--- Information shown ---

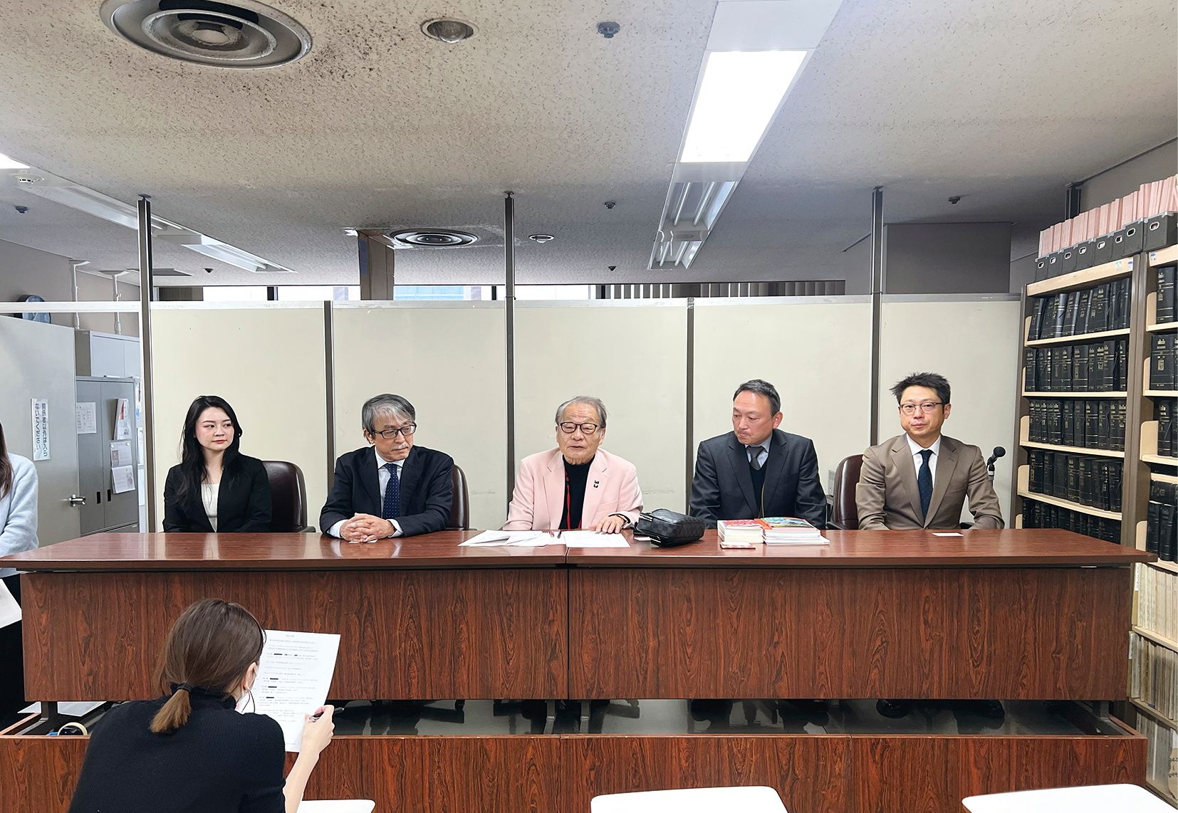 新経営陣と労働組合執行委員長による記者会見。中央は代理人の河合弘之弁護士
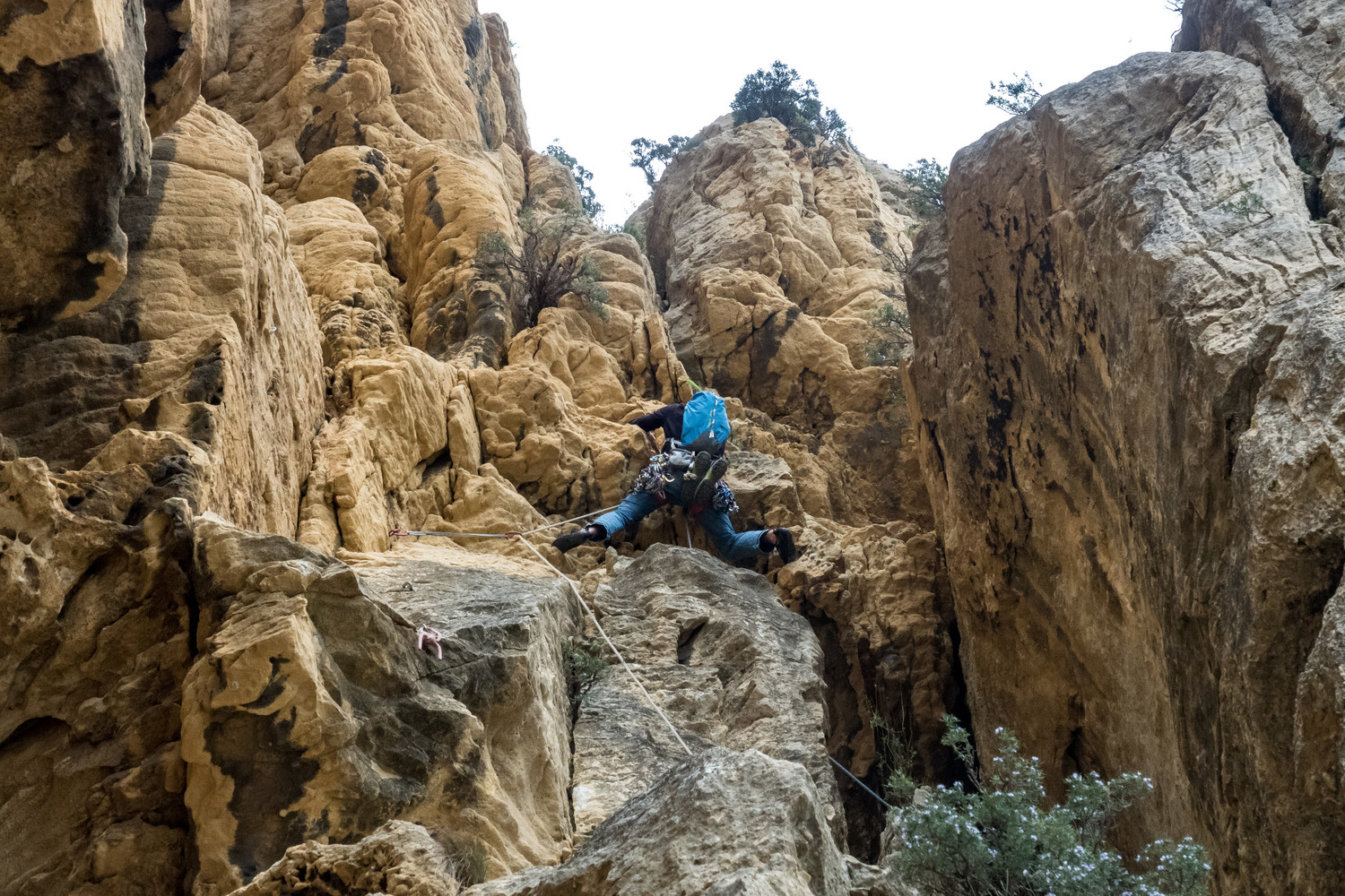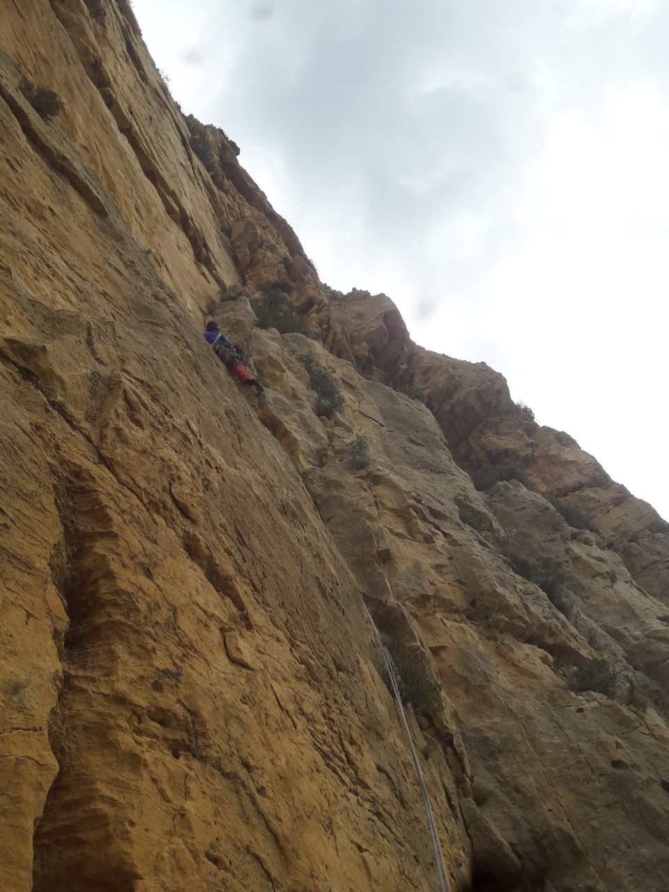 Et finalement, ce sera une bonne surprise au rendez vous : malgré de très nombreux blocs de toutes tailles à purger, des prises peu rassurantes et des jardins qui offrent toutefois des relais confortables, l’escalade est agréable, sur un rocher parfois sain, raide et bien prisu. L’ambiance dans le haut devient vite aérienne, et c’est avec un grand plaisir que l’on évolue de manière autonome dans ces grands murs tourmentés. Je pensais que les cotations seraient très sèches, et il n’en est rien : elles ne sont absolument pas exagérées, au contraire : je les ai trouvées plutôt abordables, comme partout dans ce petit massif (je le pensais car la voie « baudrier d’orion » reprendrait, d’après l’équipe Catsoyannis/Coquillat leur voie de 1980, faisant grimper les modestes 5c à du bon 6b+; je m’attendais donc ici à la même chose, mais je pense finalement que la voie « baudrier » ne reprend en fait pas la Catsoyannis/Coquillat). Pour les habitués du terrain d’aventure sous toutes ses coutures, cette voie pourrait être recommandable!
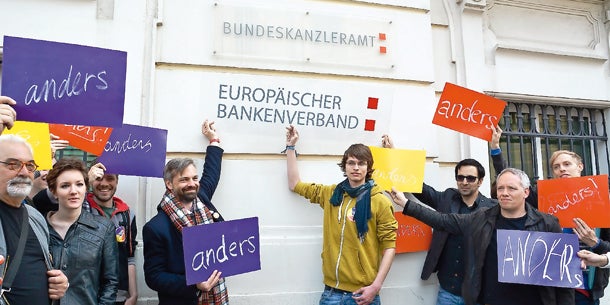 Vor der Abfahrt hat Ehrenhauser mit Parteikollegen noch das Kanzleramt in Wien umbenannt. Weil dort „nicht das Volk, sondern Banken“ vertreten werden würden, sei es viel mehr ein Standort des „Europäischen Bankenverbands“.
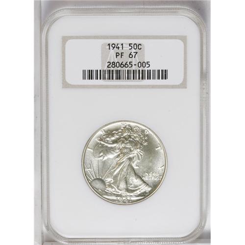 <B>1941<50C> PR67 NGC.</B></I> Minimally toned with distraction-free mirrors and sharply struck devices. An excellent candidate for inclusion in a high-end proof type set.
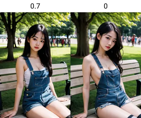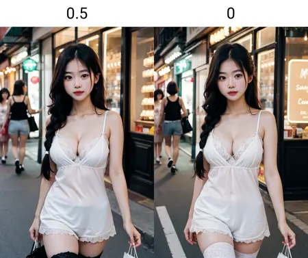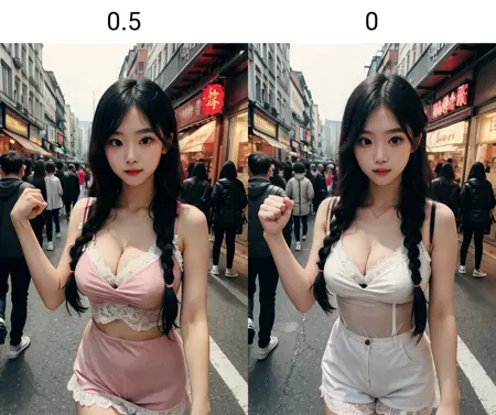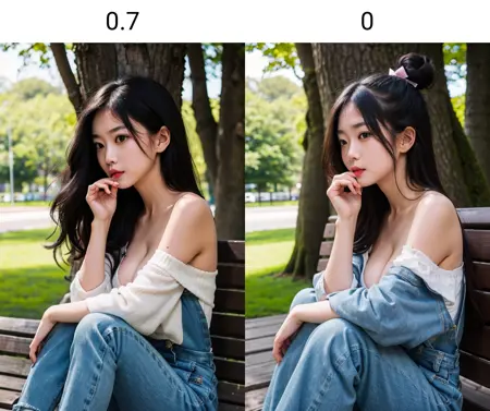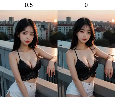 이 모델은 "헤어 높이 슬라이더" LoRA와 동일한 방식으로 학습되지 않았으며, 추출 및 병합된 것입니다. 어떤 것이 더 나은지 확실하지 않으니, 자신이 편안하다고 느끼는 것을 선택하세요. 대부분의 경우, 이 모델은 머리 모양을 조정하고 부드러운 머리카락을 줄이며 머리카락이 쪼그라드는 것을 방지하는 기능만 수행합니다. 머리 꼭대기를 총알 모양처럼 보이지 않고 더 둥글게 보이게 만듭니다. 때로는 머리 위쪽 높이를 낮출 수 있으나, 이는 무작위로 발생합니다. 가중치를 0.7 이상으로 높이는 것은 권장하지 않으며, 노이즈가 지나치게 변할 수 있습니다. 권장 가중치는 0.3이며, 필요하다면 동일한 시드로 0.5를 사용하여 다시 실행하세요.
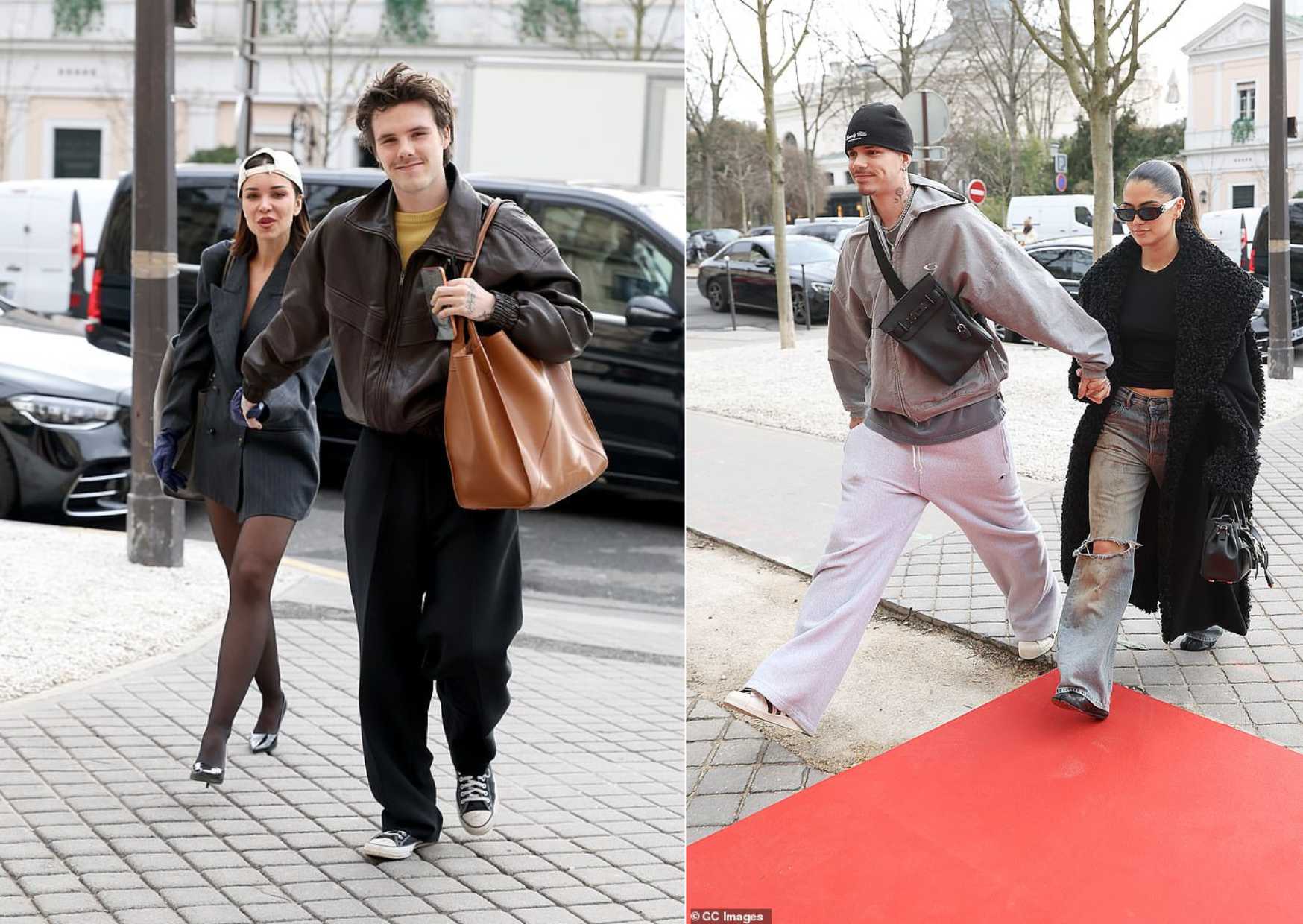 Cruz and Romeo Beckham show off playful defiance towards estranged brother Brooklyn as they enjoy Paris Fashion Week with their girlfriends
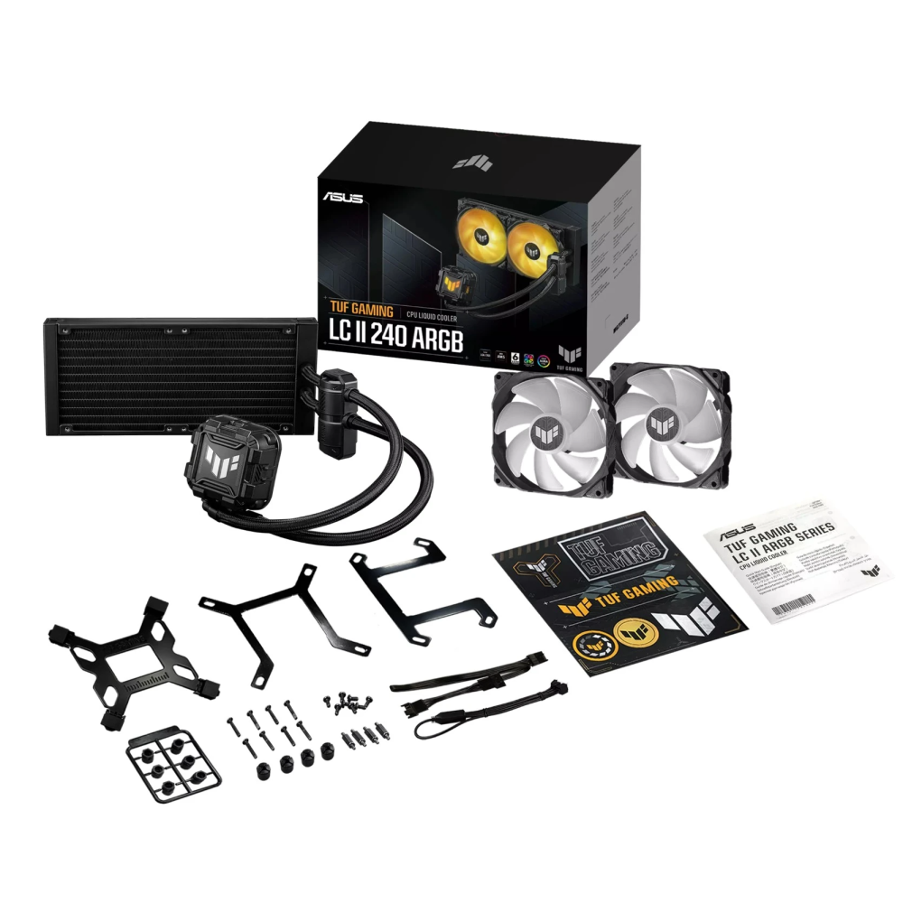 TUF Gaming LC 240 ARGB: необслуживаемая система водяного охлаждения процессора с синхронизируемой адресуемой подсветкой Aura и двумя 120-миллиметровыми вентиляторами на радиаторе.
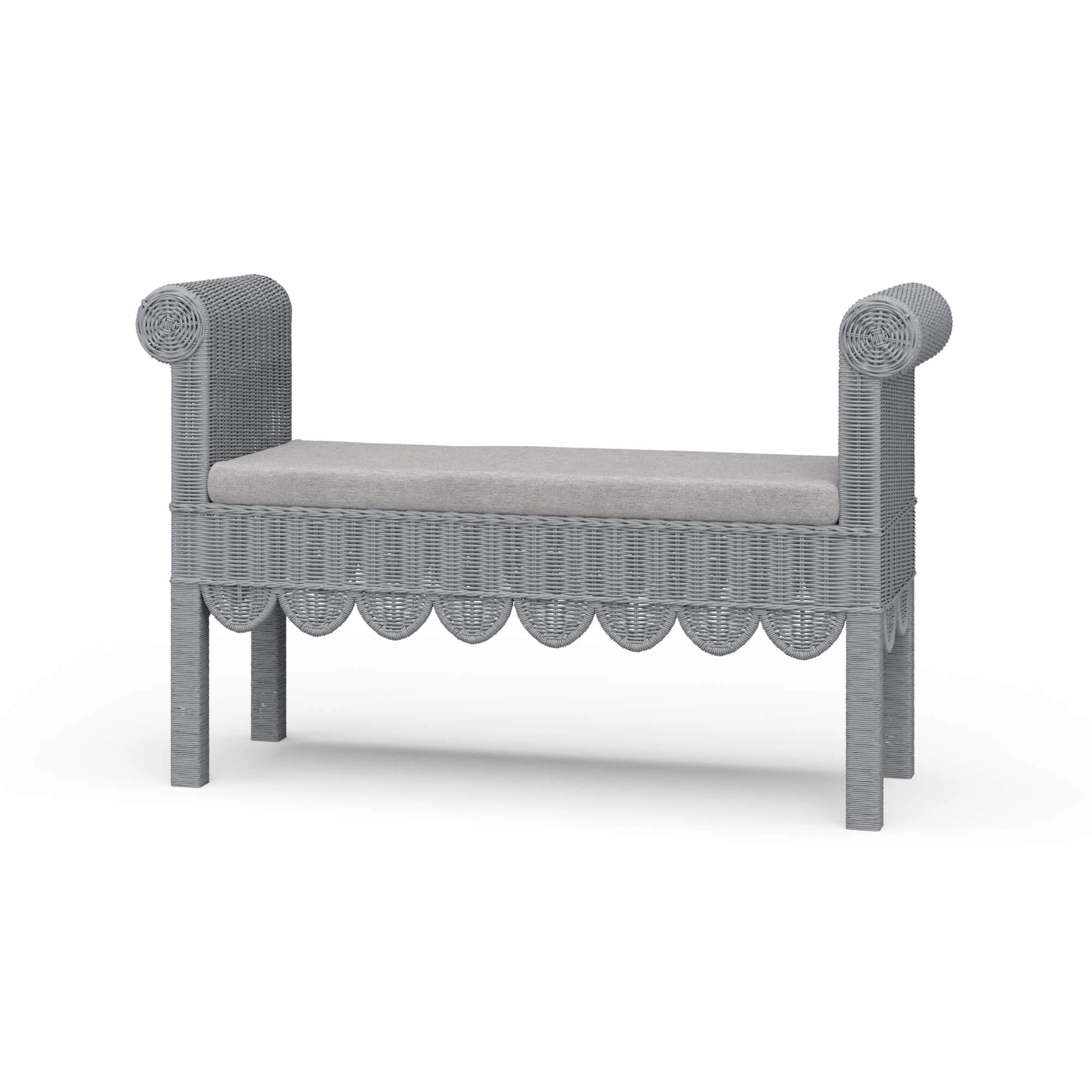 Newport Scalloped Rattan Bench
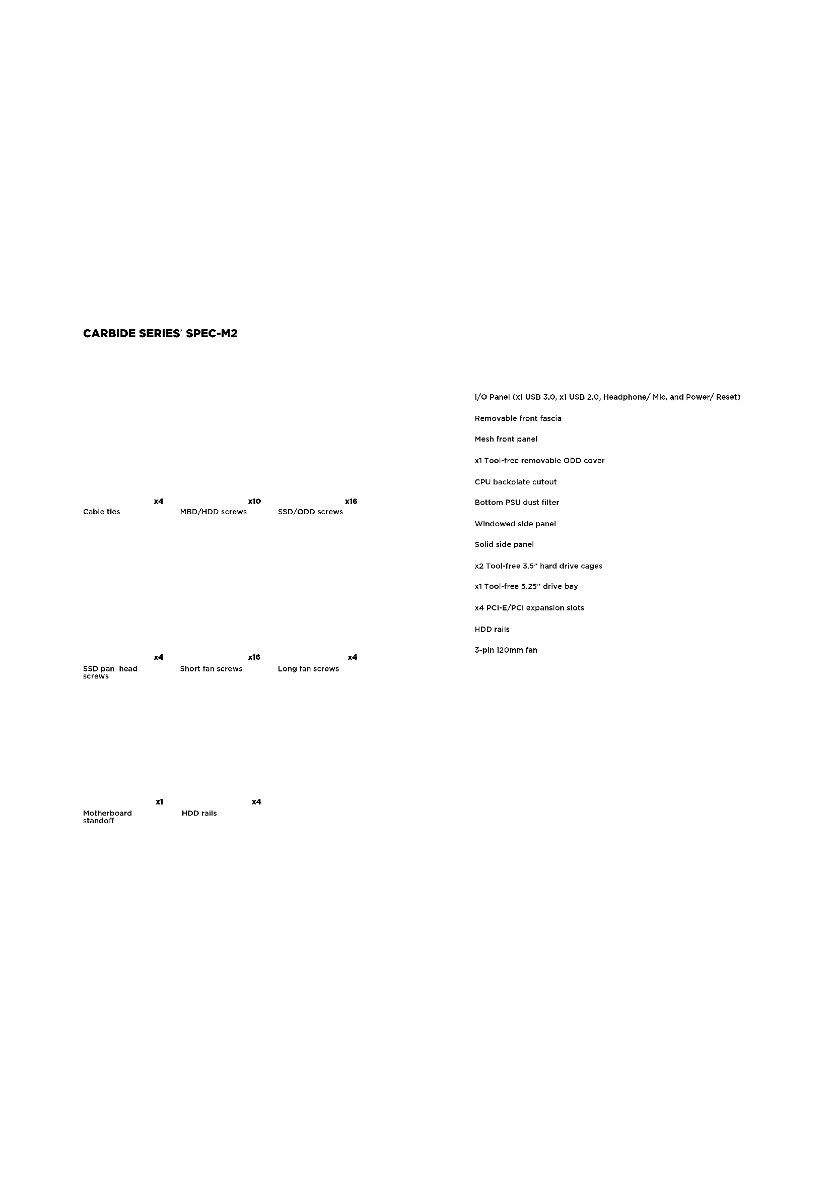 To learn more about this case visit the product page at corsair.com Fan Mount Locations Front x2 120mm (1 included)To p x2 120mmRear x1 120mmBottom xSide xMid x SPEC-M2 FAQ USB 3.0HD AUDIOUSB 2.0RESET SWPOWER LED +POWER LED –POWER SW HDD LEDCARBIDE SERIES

---

- **Task instructions**:
All of the material above is to be retyped exactly, with no pictures included.

- **Answer to this problem**:
 新経営陣と労働組合執行委員長による記者会見。中央は代理人の河合弘之弁護士
 Et finalement, ce sera une bonne surprise au rendez vous : malgré de très nombreux blocs de toutes tailles à purger, des prises peu rassurantes et des jardins qui offrent toutefois des relais confortables, l’escalade est agréable, sur un rocher parfois sain, raide et bien prisu. L’ambiance dans le haut devient vite aérienne, et c’est avec un grand plaisir que l’on évolue de manière autonome dans ces grands murs tourmentés. Je pensais que les cotations seraient très sèches, et il n’en est rien : elles ne sont absolument pas exagérées, au contraire : je les ai trouvées plutôt abordables, comme partout dans ce petit massif (je le pensais car la voie « baudrier d’orion » reprendrait, d’après l’équipe Catsoyannis/Coquillat leur voie de 1980, faisant grimper les modestes 5c à du bon 6b+; je m’attendais donc ici à la même chose, mais je pense finalement que la voie « baudrier » ne reprend en fait pas la Catsoyannis/Coquillat). Pour les habitués du terrain d’aventure sous toutes ses coutures, cette voie pourrait être recommandable!
 Vor der Abfahrt hat Ehrenhauser mit Parteikollegen noch das Kanzleramt in Wien umbenannt. Weil dort „nicht das Volk, sondern Banken“ vertreten werden würden, sei es viel mehr ein Standort des „Europäischen Bankenverbands“.
 <B>1941<50C> PR67 NGC.</B></I> Minimally toned with distraction-free mirrors and sharply struck devices. An excellent candidate for inclusion in a high-end proof type set.
 이 모델은 "헤어 높이 슬라이더" LoRA와 동일한 방식으로 학습되지 않았으며, 추출 및 병합된 것입니다. 어떤 것이 더 나은지 확실하지 않으니, 자신이 편안하다고 느끼는 것을 선택하세요. 대부분의 경우, 이 모델은 머리 모양을 조정하고 부드러운 머리카락을 줄이며 머리카락이 쪼그라드는 것을 방지하는 기능만 수행합니다. 머리 꼭대기를 총알 모양처럼 보이지 않고 더 둥글게 보이게 만듭니다. 때로는 머리 위쪽 높이를 낮출 수 있으나, 이는 무작위로 발생합니다. 가중치를 0.7 이상으로 높이는 것은 권장하지 않으며, 노이즈가 지나치게 변할 수 있습니다. 권장 가중치는 0.3이며, 필요하다면 동일한 시드로 0.5를 사용하여 다시 실행하세요.
 Cruz and Romeo Beckham show off playful defiance towards estranged brother Brooklyn as they enjoy Paris Fashion Week with their girlfriends
 TUF Gaming LC 240 ARGB: необслуживаемая система водяного охлаждения процессора с синхронизируемой адресуемой подсветкой Aura и двумя 120-миллиметровыми вентиляторами на радиаторе.
 Newport Scalloped Rattan Bench
 To learn more about this case visit the product page at corsair.com Fan Mount Locations Front x2 120mm (1 included)To p x2 120mmRear x1 120mmBottom xSide xMid x SPEC-M2 FAQ USB 3.0HD AUDIOUSB 2.0RESET SWPOWER LED +POWER LED –POWER SW HDD LEDCARBIDE SERIES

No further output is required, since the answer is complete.